A third step of the manufacturing process is the closure of the flat tube 100. As shown above, this step is preferably carried out by assembling two exchange plates 1 made from a stamped metal sheet and assembled to one another, the stamped sides of each exchange plate 1 facing each other. In this third step, the exchange plates ι are fixed together in leaktight manner, for example by brazing. This method of fixing by brazing also allows, inside the flat tube 100, the fixing of the at least one insert 51 against the inner walls of the flat tube 100 and also the fixing of the projections 91 facing each other.

Thus, it can clearly be seen that the flat tube 100 according to the invention allows an optimal exchange of heat between a first heat transfer fluid flowing in it with a second external fluid and that because of the presence of zones of least heat exchange 12 which limit heat exchanges between the adjacent passes and thus improve the efficiency of the heat exchanger.

Claims

1. Flat tube (ιοο) of charge air heat exchanger made from at least one pressed metal sheet so as to form an exchange plate (1), said stamping allowing the connection between an inlet of fluid (3a) and a fluid outlet (3b) by a circuit in which a heat transfer fluid circulates, said circuit comprising at least one fluid circulation path comprising at least two passes (5) separated by a rib (7), characterized in that said rib (7) comprises at least one zone of least heat exchange (12) between two adjacent passes (5) of the fluid circulation path.

2. Flat tube (100) according to the preceding claim, characterized in that said flat tube is formed by the assembly of two exchange plates (1) made from a stamped metal sheet and assembled one to the other, the stamped sides of each exchange plate (1) facing each other.

3. Flat tube (100) according to one of the preceding claims, characterized in that the at least one zone of least heat exchange (12) between two adjacent passes (5) of the circulation path is achieved by thinning material at the level the rib or ribs (7).

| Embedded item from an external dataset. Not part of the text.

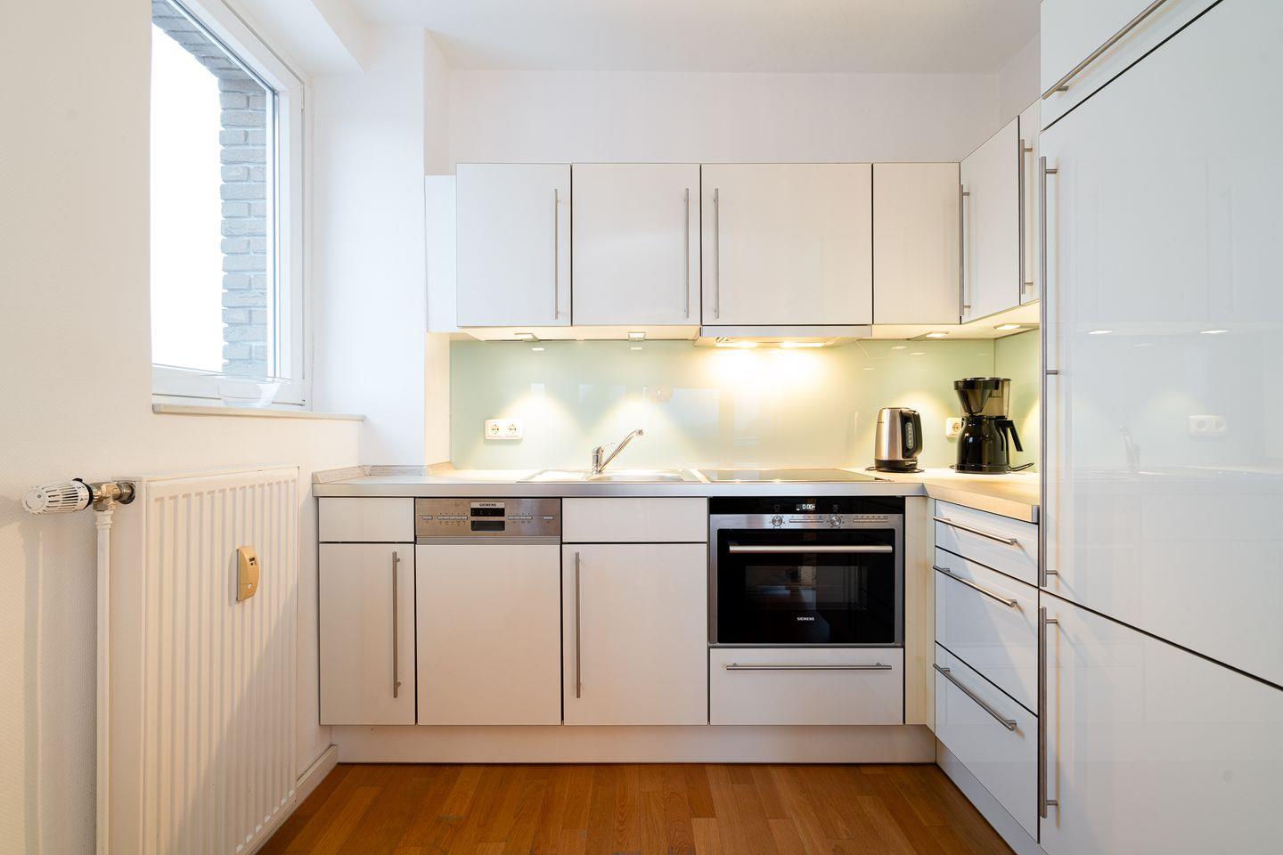 Vom Wohnraum gelangen Sie auf den überdachten und windgeschützten Balkon, der gemeinsam mit den Gartenmöbeln zum entspannten Verweilen einlädt. Die offen zum Wohnzimmer gestaltete Küche ist mit Backofen und Herd ausgestattet, sowie umfangreichen Küchenutensilien wie Kaffeemaschine, Wasserkocher und Toaster. Das Badezimmer bietet eine Dusche mit Wanne, Waschbecken, Spiegel und WC.

4. Flat tube (100) according to one of claims 1 to 2, characterized in that the at least one zone of lower heat exchange (12) between two adjacent passes (5) of the circulation path is formed by a slot at level of the rib or ribs (7).

5. Flat tube (100) according to one of the preceding claims, characterized in that it comprises a single zone of lower heat exchange (12) between two adjacent passes (5) of the circulation path of length substantially equal to the length of the rib (7) on which it is made.

6. flat tube (100) according to one of claims 1 to 4, characterized in that it comprises a plurality of zones of lower heat exchange (12) between two adjacent passes (5) of the circulation path distributed along the rib (7) on which it is made.

A method of manufacturing a flat heat exchanger tube (100), comprising the steps of:

- stamping at least one sheet of metal so as to form at least one exchange plate (1) comprising a circuit connecting a fluid inlet (3a) and a fluid outlet (3b), said circuit comprising said circuit comprising at least one fluid flow path comprising at least two adjacent passes (5) separated by a rib (7),

- Realization of at least one zone of least heat exchange (12) on the ribs (7) between two adjacent passes (5) of the fluid flow path,

- closing of the flat tube.

8. Manufacturing process according to claim 7, characterized in that the step of producing the at least one zone of least heat exchange (12) between two adjacent passes (5) is performed during the stamping of the sheet metal. metal so as to form an exchange plate (1).

9. Manufacturing process according to claim 7, characterized in that the step of producing the at least one zone of least heat exchange. (12) between two adjacent passes (5) is made by laser cutting of the exchange plate (1).

Charge air heat exchanger having at least one flat tube (100) according to one of claims 1 to 6 or obtained by a flat tube manufacturing method (100) according to one of claims 7 to 9. .

11. Exchanger air heat exchanger according to the preceding claim, characterized in that said exchanger comprises on either side of the at least one flat tube (100) a flow disruptor of a second heat transfer fluid and in that that said disruptor also comprises, facing ribs (7), at least one zone of lower heat exchange.